Commercial production of the 68Ge/68Ga generator increased accessibility and kick-started metal radiolabeling of peptides for medical diagnosis. The demand for 68Ga now greatly exceeds the production capacity of generators (1), and the use of cyclotrons for production of 68Ga by a 68Zn(p,n)68Ga reaction at energies of 12–14 MeV on a larger scale is becoming a necessity.

Use of cyclotrons for the production of 68Ga first expanded with liquid targets for a yield increase of 10 times generator production, with the convenience of enriched 68Zn recycling and compatibility with existing distribution systems for the liquid targets (2–4).
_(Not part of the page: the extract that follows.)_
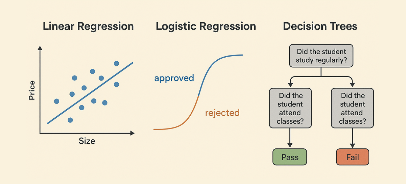 - Decision Trees: A Decision Tree works like a flowchart, splitting data into smaller groups at each question until it reaches a decision. Each branch shows a choice, and the end gives the result.

However, problems of target density, high pressure, and metal contamination by the targets limit the maximum production quantity and labeling efficiency (2–4). The use of solid targets allows much higher yields from 50 to 100 times generator capacity. However, its spread to different sites is limited by the complexity of target production, the recovery of the solid target while avoiding a high dose for handling, and the complex, expensive systems required for transfers from the cyclotron vault to the units of synthesis (5–11).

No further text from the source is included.